Her next round of tears pulled feelings from the wings of her back. Sonya let Lewis hold her. They were very still for a minute.

Saul's wife called attention on the public address system. "Thank you for all your help on this terrible day. The fire chief assures us that all is safe. The fire is completely out. We know all of you sacrificed blankets. The Red Cross is bringing more in about forty five minutes. My cousin Herbert is in the wholesale quilt business. He has already been contacted about replacing your blankets. Believe me, his stuff is very nice. Also the water pressure is very low for all the attempts to put out the fire. Please use water very carefully. If you have any problems, Dr. Levy, the nice doctor from the prison down the road, is on call. You know that he has served our colony for many years.
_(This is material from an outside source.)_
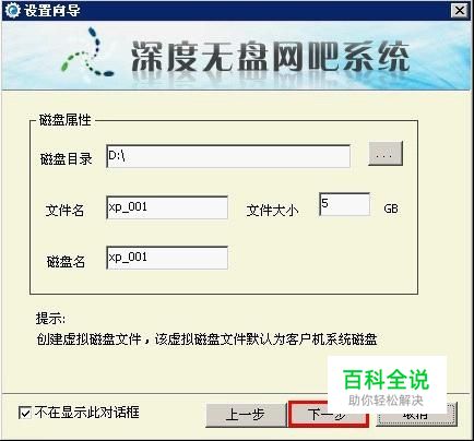 勾选不在显示此对话框,然后单击下一步创建虚拟磁盘,如图

Please do not worry. The fire is out. However, the fire chief and the health inspector remind you the Polio quarantine is absolutely in effect." In the course of listening to the announcement, Sonya and Lewis released their embrace and never had occasion to touch again. Sonya followed Lewis out on to the porch to watch the smoldering ash crochet a haze on the night sky.

On Labor Day, Sonya wistfully packed the little blue magnesium bottle holding three teeth her children had lost during the summer. She placed it on her night table in the city. There she had a ceramic cougar that faced its partner on Michael's side of the bed. Airbrushed pink glazed around the mouth, the cougar smiled at Sonya when she read late in the night while Michael slept, exhausted by his worldly work.